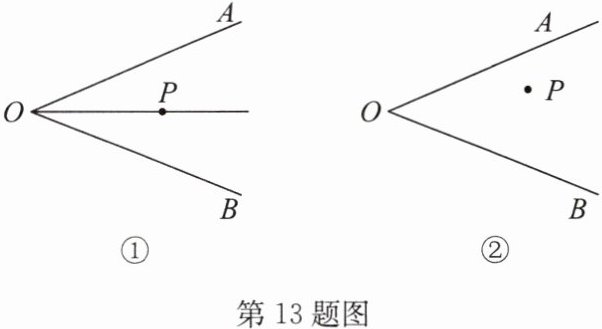 13. (1)如图①, $P$ 是 $\angle AOB$ 的平分线上一点,试过点 $P$ 画一条直线,交 $\angle AOB$ 的两边于点 $C$, $D$,使 $\triangle OCD$ 是等腰三角形,且 $CD$ 是底边;
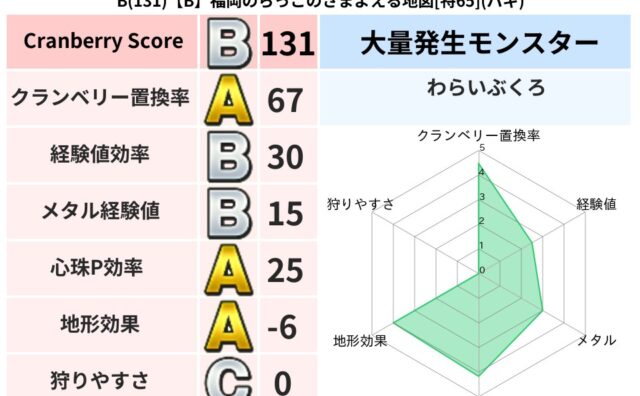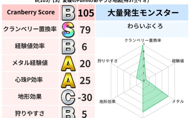 クランベリーボット判定結果の詳細クランベリースコア:184クランベリー置換率:64%大量発生モンスター:わらいぶくろデイン超耐性(0%)こころ道 完全一致モンスターどくろあらい: ゴッドハンド(守護道Lv5)かっちゅうアリ: 魔人(共通Lv...
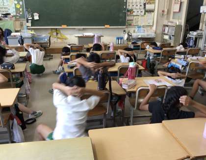 保健委員会による朝の姿勢エクササイズタイムが始まりました。写真は、体幹の筋力を鍛えるエクササイズです。両手を頭の後ろに組んだまま、深く右左に屈伸しています。
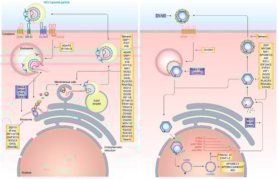Cell-intrinsic innate immune responses are among the first line of defense against incoming infectious diseases. Pattern-recognition receptors (PRR) located on the cell membrane, intracellular vesicles or within the cytoplasm recognize conserved pathogen-associated molecular patterns (PAMP), including foreign proteins, lipids and nucleic acids, resulting in the initiation of signal transduction pathways, culminating in the production of pro-inflammatory cytokines and interferons (IFN) [] (Figure 1). Three distinct classes of IFN can be produced by different cell types, type I (IFNα, IFNβ), type II (IFNγ) and type III (IFNλ1, IFNλ2, IFNλ3, IFNλ4) [,]. Once produced, they are secreted and bind to their cognate receptors (IFNAR1/2 for type I IFN, IFNGR for type II IFN and IL28RA/IL10R2 for type III IFN) in an autocrine or paracrine manner and trigger the JAK/STAT signal transduction pathway. For type I and III IFN, this, in turn, results in the up-regulation of hundreds of interferon-stimulated genes (ISG), which exert antiviral functions []. These ISG can be broadly classified into several categories. In the case of HCV, these include ISG with direct antiviral function, including inhibitors of HCV entry, translation, replication and release as well as ISG, which are part of the active sensing and transcriptional activation system or negative regulators of innate immune activation (Figure 2 and Table 1). There are numerous ISGs that have been identified playing a role during the HCV viral life cycle, more extended information can be found in the review published by Bartenschlager and colleagues []. Expression of these ISG is mainly aimed at restricting the spread of viral infections to allow for the induction of cellular innate and adaptive immune responses. In cases, where viral replication cannot be controlled by the antiviral effector function of ISG, they can additionally result in cell death of infected cells, in order to restrict viral spread.
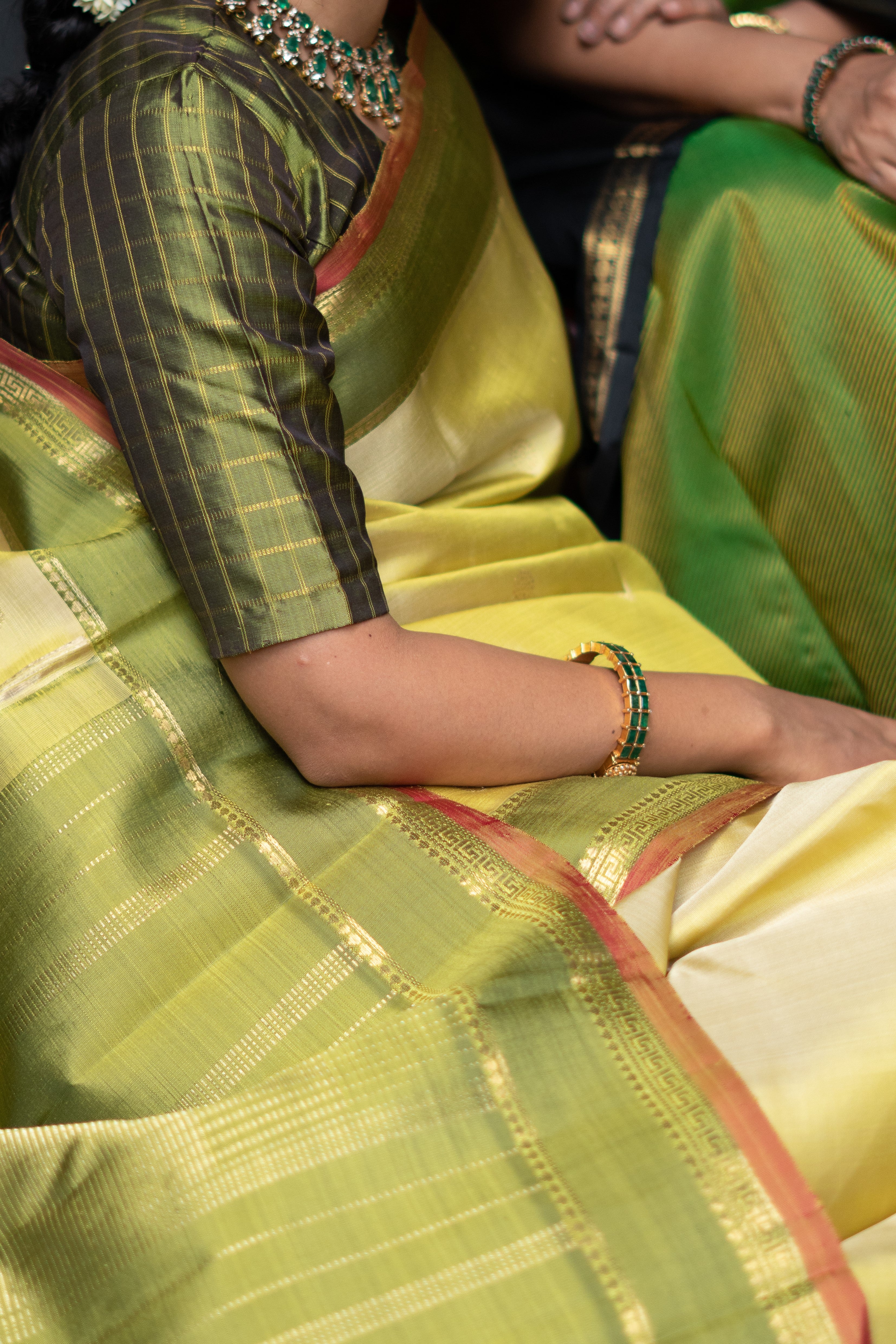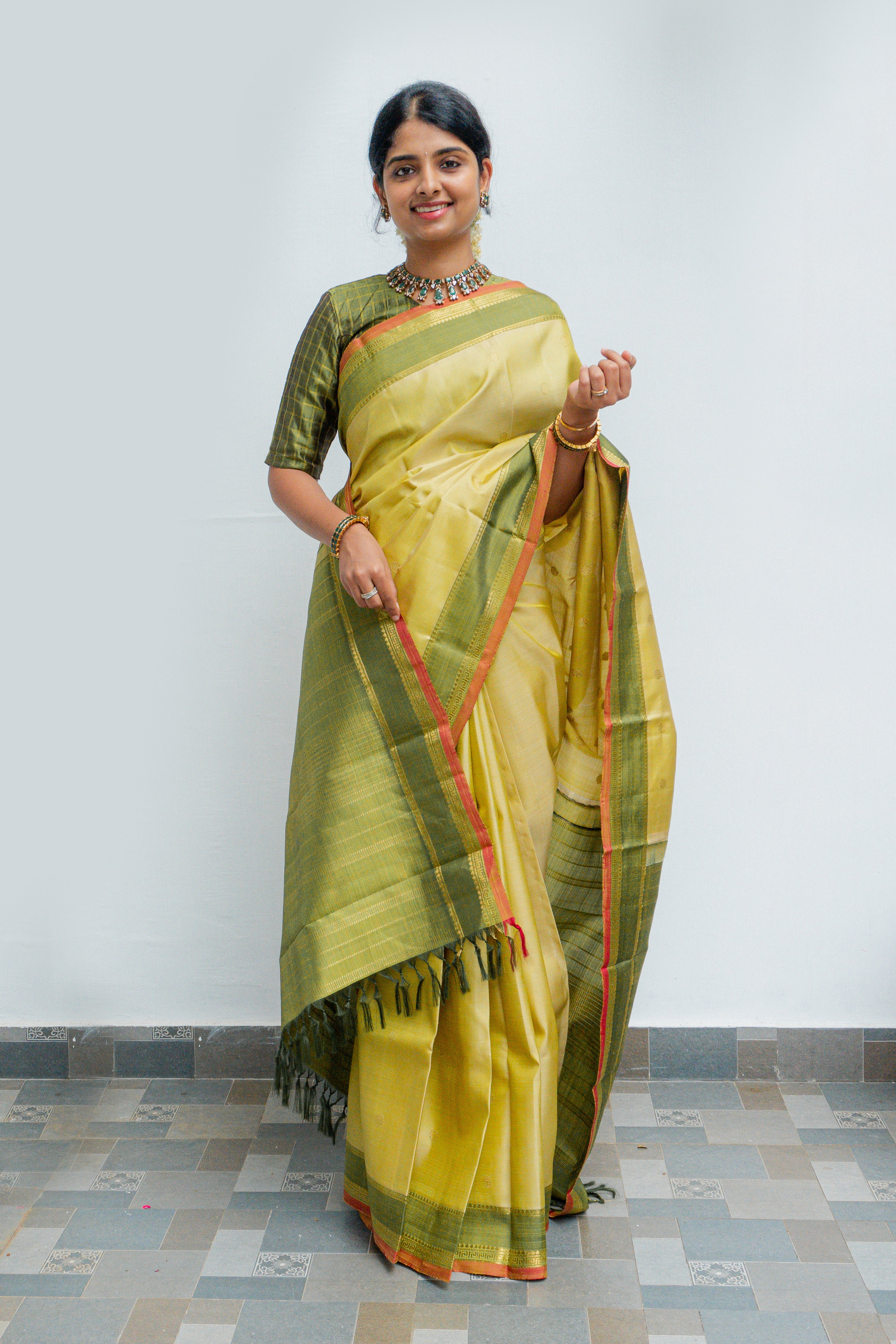Apple Green Kanjivaram Silk Saree with Olive Green Border
══════════
*Directions*:
Using the data above, which lines fall from the one with "完全一致モンスターどくろあらい: ゴッドハンド(守護道Lv5)かっちゅうアリ: 魔人(共通Lv..." through the one with "保健委員会による朝の姿勢エク"? Repeat them exactly, ends included, minus any pictures.

*Task result*:
 クランベリーボット判定結果の詳細クランベリースコア:184クランベリー置換率:64%大量発生モンスター:わらいぶくろデイン超耐性(0%)こころ道 完全一致モンスターどくろあらい: ゴッドハンド(守護道Lv5)かっちゅうアリ: 魔人(共通Lv...
 保健委員会による朝の姿勢エクササイズタイムが始まりました。写真は、体幹の筋力を鍛えるエクササイズです。両手を頭の後ろに組んだまま、深く右左に屈伸しています。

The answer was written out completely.